- SAGE Situation Display showing the "BED" missile annex

= Suffolk County Air Force Base Missile Annex =

The Suffolk County Air Force Base Missile Annex (SAGE codename "BED", ()) was an air defence missile site of the United States Air Force, located 2 mi west of Suffolk County Air Force Base on Long Island. During the first half of the 1960s it hosted a CIM-10 Bomarc missile site, part of the New York Air Defense Sector.

The annex included a Launch Area with 56 Mode II Launcher Shelters in 2 flights (e.g., 2 compressor buildings were available to simultaneously get 2 missiles to the "Standby" stage prior to "Fire-up".)

==Missile Support Area==
The Missile Support Area included offices of the Base Commander (Col Fred G. Hook, Jr. in 1959), an OOAMA representative, and the Commander of the 6th Air Defense Missile Squadron; while Boeing Airplane Company support was from an office 5 mi north in Riverhead, New York. Military police operated from a Security Control and Identification building at the Old Country Road entrance to the annex. Two flights of missile maintenance airmen used the Assembly and Maintenance (A & M) Shop for preparing newly received missiles, repairing BOMARCs that malfunctioned, and periodic recycling. "Missile Recycle" for 6 mo/2 yr component replacement from "ready-storage" used 5 A & M Shop stations after the missile had been transported to the Main Shop Room following defueling and warhead removal at the Launcher Shelter and decontamination at the Fuel Facility. The A & M Shop with 22 rooms included a "Control Room", and a Telecommunication (TELCO) Room with 2 SAGE Digital Data Receivers and a Digital Data Transmitter for communicating missiles' status to the remote launch control center in New Jersey.

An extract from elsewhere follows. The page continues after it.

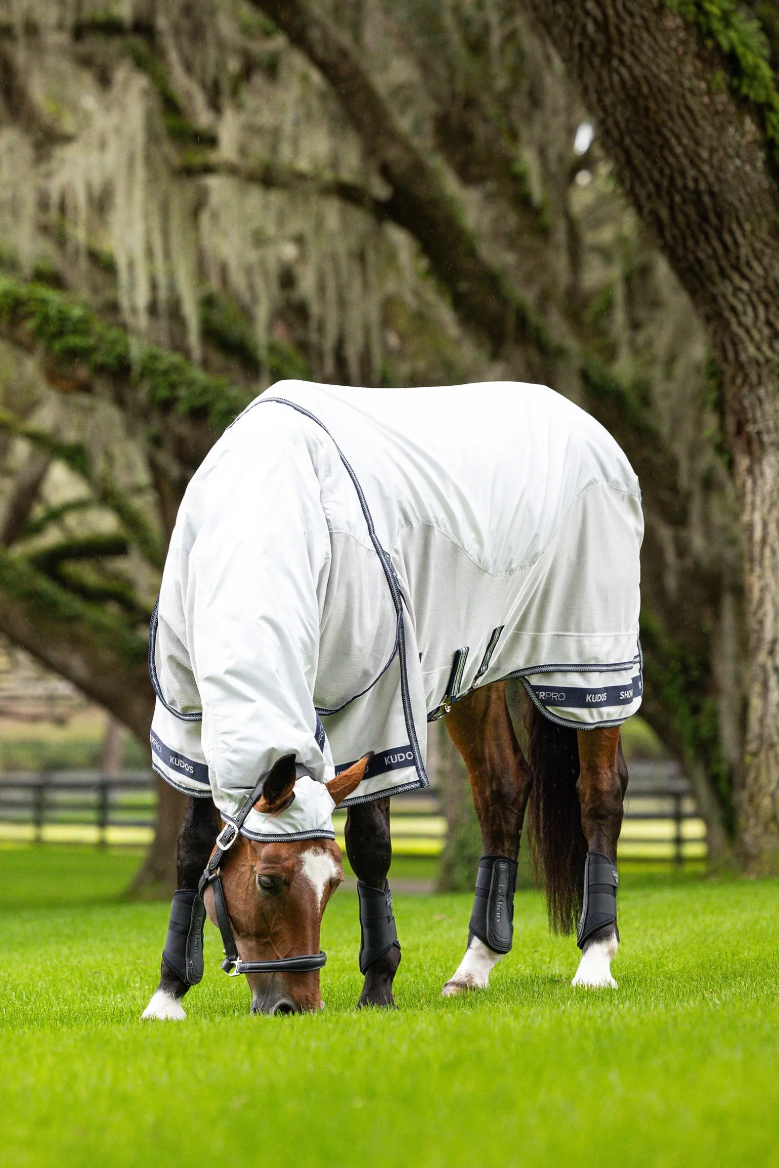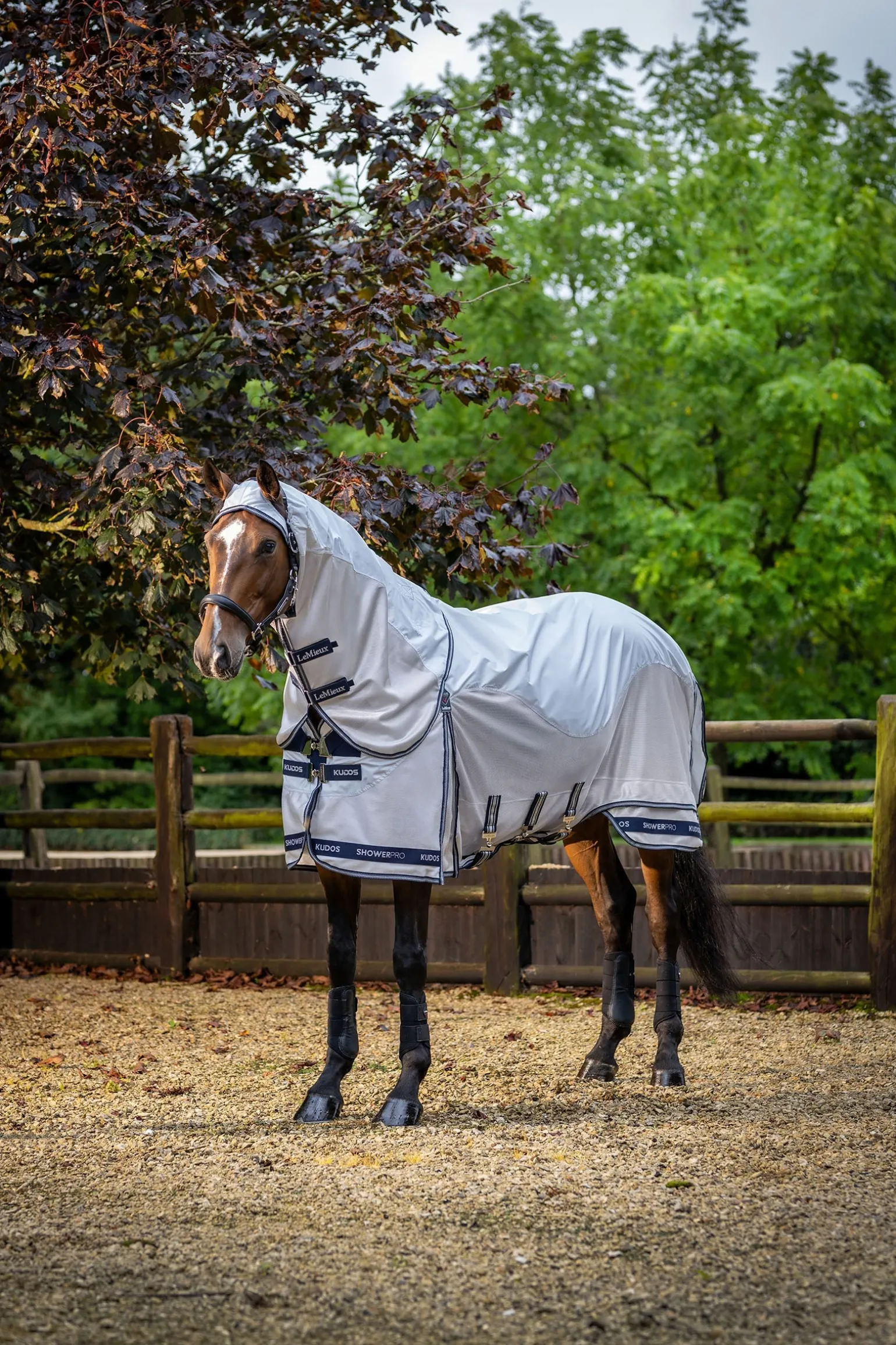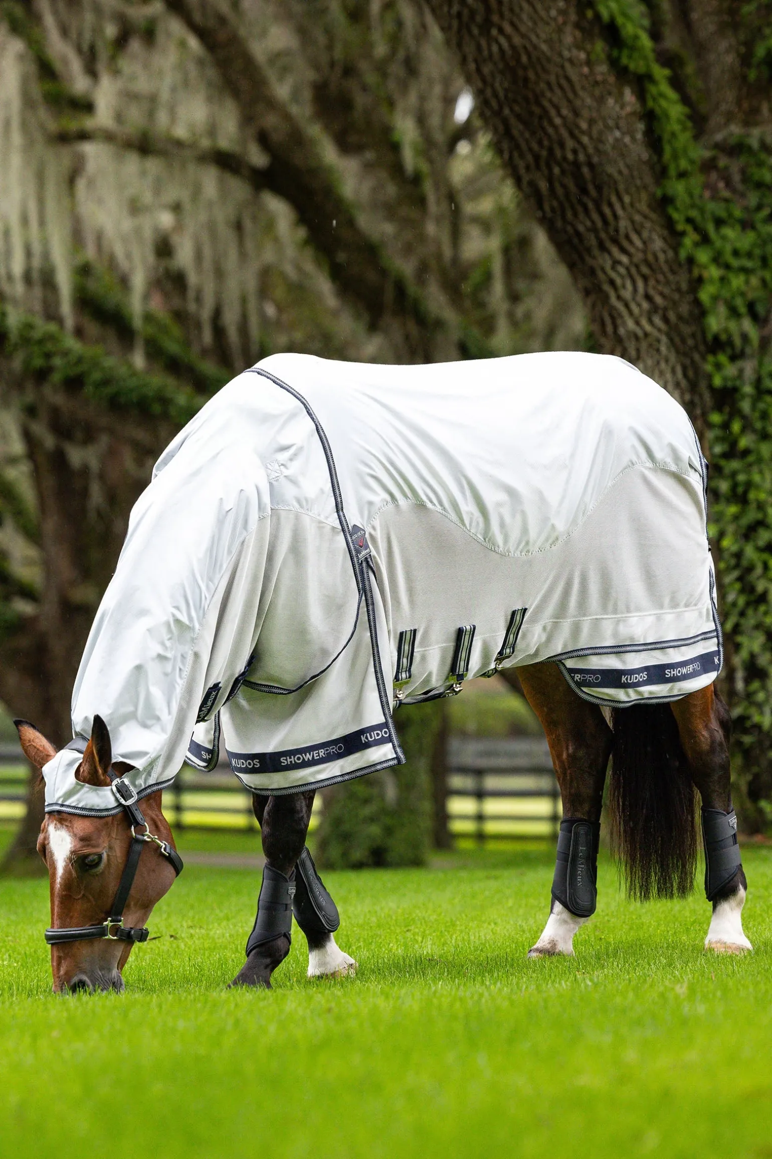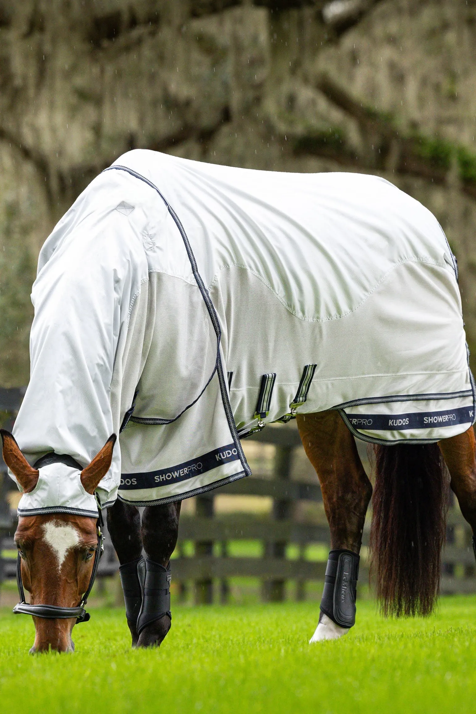 Unverzichtbarer Schutz vor Fliegen und stechenden Insekten bei nassem Wetter: Diese wasserdichte Fliegendecke besteht aus strapazierfähigem 420 Denier Diamond Ripstop-Material. Diamond Ripstop bietet eine verbesserte Reißfestigkeit, sodass eine leichtere Decke mit niedrigerer Denier-Zahl gewählt werden kann – ohne Abstriche bei der Robustheit. Sie wurde für umfassenden Körperschutz entwickelt und ist mit atmungsaktivem Mikromesh unter dem Bauch vollständig ausgekleidet. Am Widerrist sorgt eine 3D-Mesh-Polsterung für Komfort und Atmungsaktivität – ganz im Sinne des Pferdewohls. Die antistatische und antibakterielle Innenseite an Rücken, Schultern und Hals verhindert Scheuerstellen und verleiht dem Fell zusätzlichen Glanz. Der vollständig abnehmbare Halsteil reicht über die Ohren und sorgt für flexible Einsatzmöglichkeiten. Eine extra lange Schweifklappe schützt Schweifrübe und empfindliche Hautpartien im hinteren Bereich. Tiefe Schulterfalten ermöglichen maximale Bewegungsfreiheit auf der Koppel. Der einzigartige, patentierte zweiteilige Deckenschnitt von LeMieux reduziert die Spannung entlang des hinteren Saums – für besonders hohen Tragekomfort.

===Interceptor Missile Squadron Operations Center===
The Interceptor Missile Squadron Operations Center (IMSOC) in the A & M Shop next to the TELCO Room was connected to the "Coaxial Distribution System" for communicating with Electrical Launching Equipment (ELE) in each Launcher Shelter's equipment room. The IMSOC used the "Prelaunch Command System" with a Squadron Supervisor's Station in the IMSOC that included "a desk-type console" with manual controls for acknowledging SAGE "alert orders and other commands". The console controlled missile warm-up (e.g., 2 minutes for IM-99A rocket fuel while 30 seconds was needed for IM-99B: arming of the igniter & activation of gyros, seeker, fuze, etc.) and to maintain the BOMARC at "Standby" (warmed-up & erected) until "Fire-up" by a remote Senior Director's keyed console (fire button) at the launch control center (Weapons Director room) at McGuire DC-01. The console then displayed whether the missile transitioned to the "Launch" or "Malfunction" stage, which determined the subsequent squadron operation needed at the Launcher Shelter (checkout of the empty shelter or deactivation of the faulty missile).

==Civilian use==

In 2009 the 187 acre former missile launch complex was being used as a county impound lot and county/FBI shooting range.

The site is a Formerly Used Defense Site (NY29799F12240/C02NY0714).